I love beagles said:


> I got a reply back when I asked to change my name by elie the moderator asking what name I would like but it did not give me anywhere to respond back to her. I need help getting my real name off.


@EleGirl assistance please.


----------



## CantSitStill

I love beagles said:


> I got a reply back when I asked to change my name by elie the moderator asking what name I would like but it did not give me anywhere to respond back to her. I need help getting my real name off.


It says my cookies aren't on


----------



## EleGirl

I love beagles said:


> I got a reply back when I asked to change my name by elie the moderator asking what name I would like but it did not give me anywhere to respond back to her. I need help getting my real name off.


You sent me 2 PMs. On this new forum software PMs are called "Conversations".

The way you reply back to a PM (or conversation) is to click on the "Reply" button at the bottom of my message to you.


----------



## EleGirl

I love beagles said:


> I want CSS back ad my name, im not sure whhst i did wrong


What do you mean when you say "I want CSS back"? What is CSS?


----------



## Blondilocks

EleGirl said:


> What do you mean when you say "I want CSS back"? What is CSS?


@CantSitStill


----------



## CantSitStill

EleGirl said:


> What do you mean when you say "I want CSS back"? What is CSS?

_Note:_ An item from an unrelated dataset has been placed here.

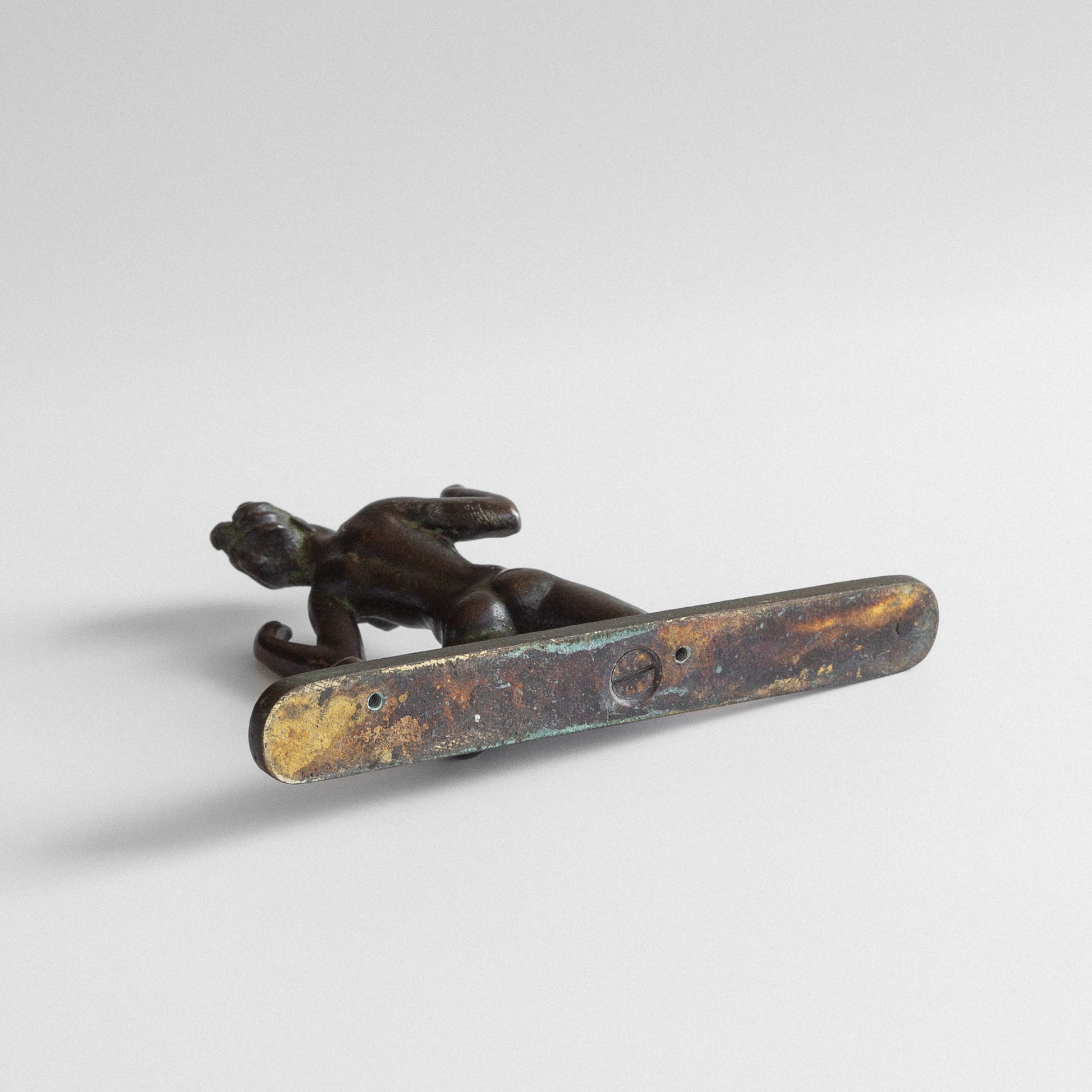 The screw holes under the base suggest it may have originally been part of a larger piece, possibly an ornament on a mirror or a similar item.
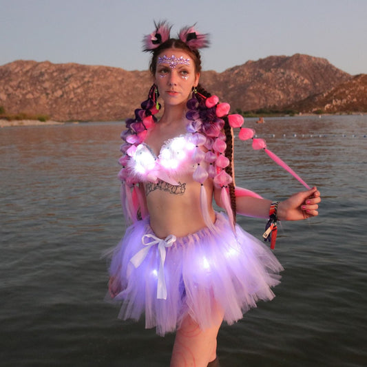 Ballet LED Baddie Rave Outfit | LED Bra + LED Tutu Skirt 2 Piece Set

Sorry about this confusion. My husband is Calvin from the ups and downs. He tried to set up an account for me and used my real name so you just helped me so now I have my I love beagles name but. I Was CSS years ago and Calvin is my husband.


Blondilocks said:


> @CantSitStill


Yes thats me


----------



## CantSitStill

Im struggling witj this new set up tho Hubby is in bed. I don't know why i keep getting things sayimg my cookies are deleted when I look for Calvin's posts it said he hasn't posted since 2019


----------



## CantSitStill

I love beagles said:


> I want CSS back ad my name, im not sure whhst i did wrong


How can I find Calvin. It says he hasn't made any posts. Under follow ups and downs the last post from him was in 2013 and said css created it. Im still lost


----------



## EleGirl

I think you already found Calvin's thread. But here's the link just in case: the ups and downs | Page 747 | Talk About Marriage


----------



## Wolfman1968

OK, I thought the OP meant he wanted to change his real life name.

Reminds me of the old joke. A man goes to court to have his name legally changed. The judge asks him, "Well, what is your name?" The man replies, "Steve Bastard". The judge replies, "Well, I can certainly see why you want to change that. What do you want to change it to?" The man replied, "Fred Bastard."


----------